| WHAT THE TASK REQUIRES |
Copy the final lines exactly, starting at the one that contains "This is a 1985" and ending with the last line of the listing below. Pictures are not part of the copy.

| INFORMATION SHOWN |
-*-

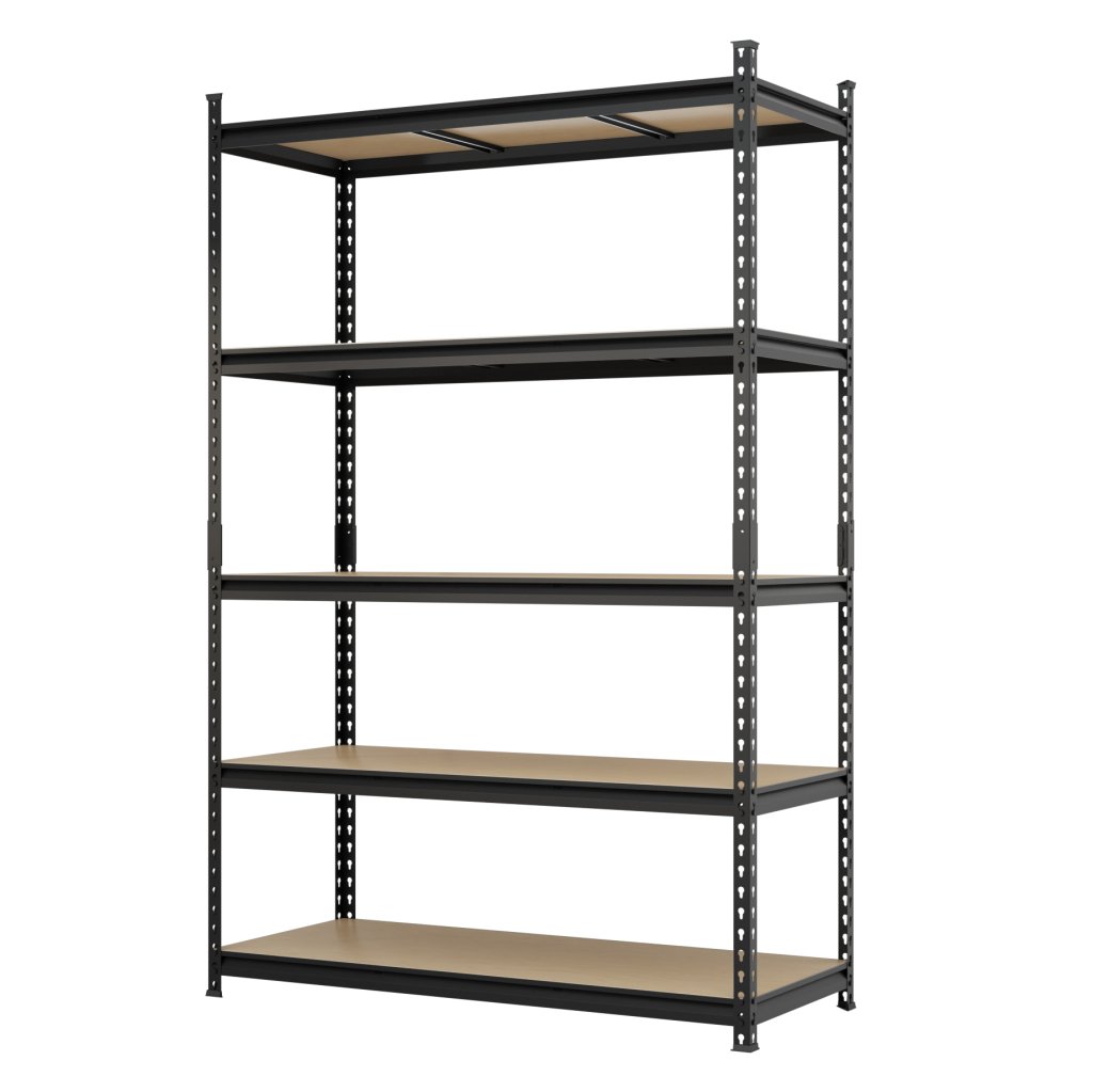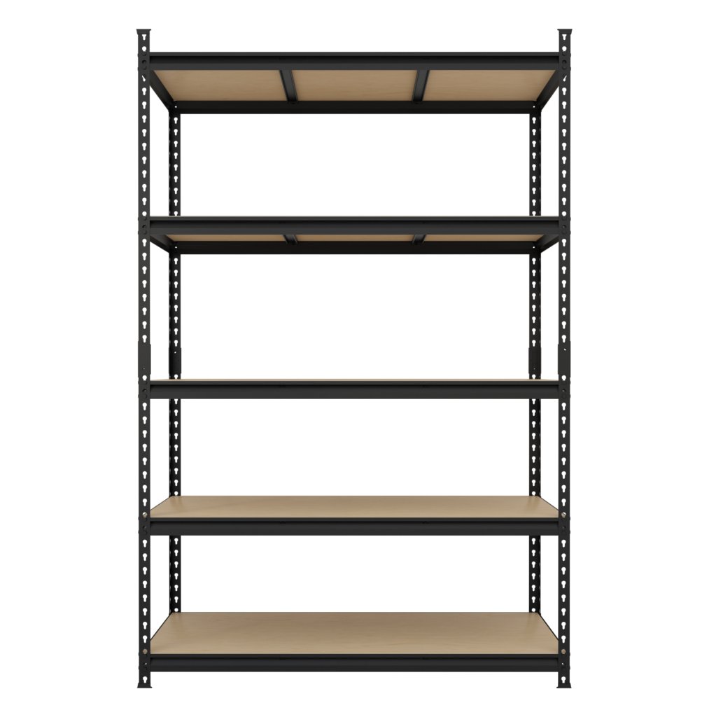 Universal metal screwless shelf suitable for workshops, warehouses, offices, garages or archives. Made of high-quality steel sheet, surface treated with black powder paint. 5x adjustable MDF shelves with reinforcement. Shelf load capacity 175 kg. Shelf dimensions (h x w x d) 1830 x 1200 x 500 mm. Supplied disassembled.
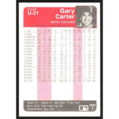 This is a 1985 Fleer Update Gary Carter baseball card. The card is #U-21 and pictures show condition.
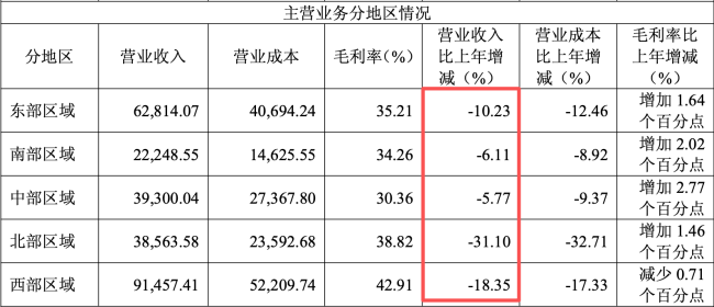 从区域来看,千禾味业的五大销售区域在2025年也是全线下滑。其中,“大本营”西部区域实现营收约9.15亿元,同比下滑18.35%;东部区域实现营收约6.28亿元,同比下滑10.23%;中部区域实现营收约3.93亿元,同比下滑5.77%;北部区域实现营收约3.86亿元,同比下滑31.1%;南部区域实现营收2.22亿元,同比下滑6.11%。

-*-

| SOLUTION FOR THIS EXERCISE |
 This is a 1985 Fleer Update Gary Carter baseball card. The card is #U-21 and pictures show condition.
 从区域来看,千禾味业的五大销售区域在2025年也是全线下滑。其中,“大本营”西部区域实现营收约9.15亿元,同比下滑18.35%;东部区域实现营收约6.28亿元,同比下滑10.23%;中部区域实现营收约3.93亿元,同比下滑5.77%;北部区域实现营收约3.86亿元,同比下滑31.1%;南部区域实现营收2.22亿元,同比下滑6.11%。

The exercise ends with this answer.